What is the Mujahedeen-e Khalq?

(Note: See Ken Hechtman’s further information on the MEK, below.)

That’s the organization that Daniel (“moderate Islam is the solution”) Pipes supports as the main opposition group to the Iranian regime. Pipes didn’t mention that the U.S. government has officially designated the Mujahedeen as a terrorist organization. Why is King Dan (see my Dylan take-off about him) hanging out with these people? Inquiring minds would like to know.

Iran-Interlink, formed for the purpose of exposing and opposing the Mujahedeen, has many articles. Here is general background on the Mujahedeen. Here is information on the group’s founder, whom Iran-Interlink calls a cult leader, and his daughter and successor, whom Pipes heard speak in Paris and praised for giving a speech “blessedly free” of anti-U.S. and anti-Israel statements, clearly suggesting that this is not the way she normally speaks. And here is the speech that so excited Pipes.

- end of initial entry -

Ken Hechtman writes:

The MEK is a breakaway faction of the old Iranian Communist Party. After the coup of 1953, they figured out Marxism wouldn’t sell in Iran without a green coat of paint on it, so they put one on, thin and transparent though it might be. They are no more Muslim than you are. One of the give-aways is how much they hate the Sadrists in Iraq.
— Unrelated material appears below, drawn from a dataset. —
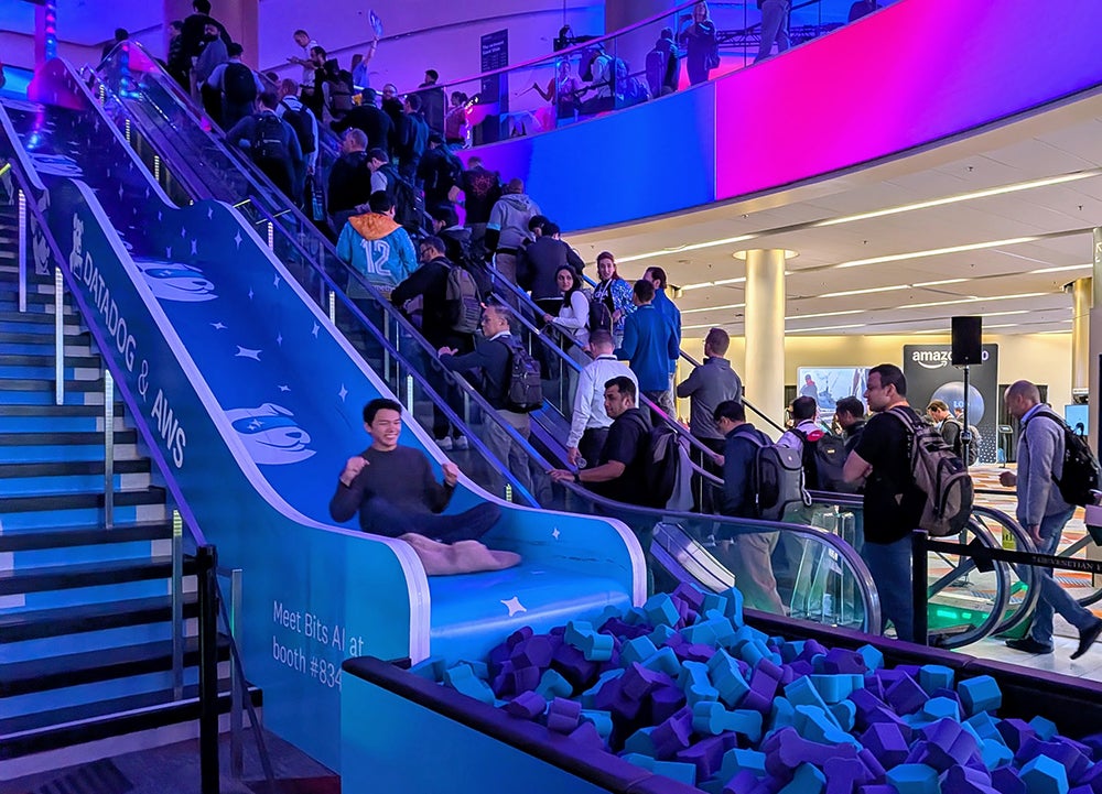 Cloud-scale observability platform Datadog had two booths on the floor where attendees could explore its AI-powered products, but before they ever got there, they didn’t miss their chance to skip the escalator and take that slide because sometimes the fastest path to insight is also the most fun.

The Sadrists really are the Marxist-Muslim fusion that the MEK pretends to be. I may have mentioned the Quebec politician Amir Khadir in one post or another, I worked for him in the 2003 and 2007 provincial elections. Amir’s brother Omid has a seat on the MEK central committee. Omid was in town in 2004 and I got to do a 45 minute interview with him. The Mirror never published it but I still have the notes if you’re interested.
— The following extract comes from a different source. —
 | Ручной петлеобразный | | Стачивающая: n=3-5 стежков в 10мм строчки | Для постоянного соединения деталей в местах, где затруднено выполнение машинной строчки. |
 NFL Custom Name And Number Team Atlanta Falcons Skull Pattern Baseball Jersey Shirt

I have to laugh a little bit at the neocons backing the MEK. The US could have had a far more conservative Iranian government for free simply by letting Mossadegh’s election stand fifty years ago. Now these small-c communists are the best deal we’re going to get.
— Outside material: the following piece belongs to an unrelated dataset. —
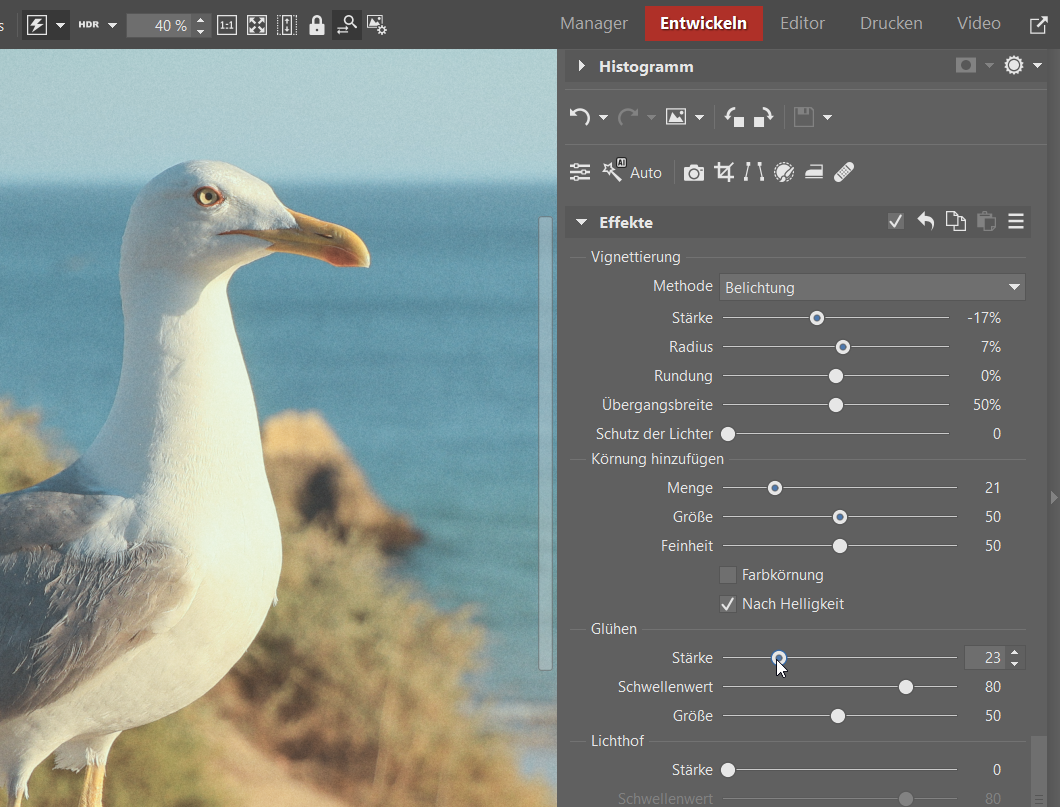 - Wie man Fotos dezente Effekte verleiht: Vignettierung, Körnung und Glühen.

Anna writes (June 22, posted June 25):

It is clear that what we are witnessing in Iran is not a revolution, simply an internal power struggle.

Yet, I see possibilities. Iran is a relatively well-educated society with strong pre-Islamic roots. The election results affected all voters and, therefore, gave a great mix of people (e.g. age, gender, education, occupation) a point of coalescence. The photos of the large demonstrations in the election aftermath showed a massive number of people who appeared both energized and well-behaved. The rooftop shouts of “Allahu Akbar” and “Marg Bar Diktator” seem to have a dimension beyond the mere translation of the words.

As far as an appropriate assessment of the situation by the U.S. goes, Mr. Bolton’s “cheat sheet rundown” should be on Obama’s desk. As for me, recalling reading history on these very pages of the West’s long learning curve toward good governance, I see possibilities.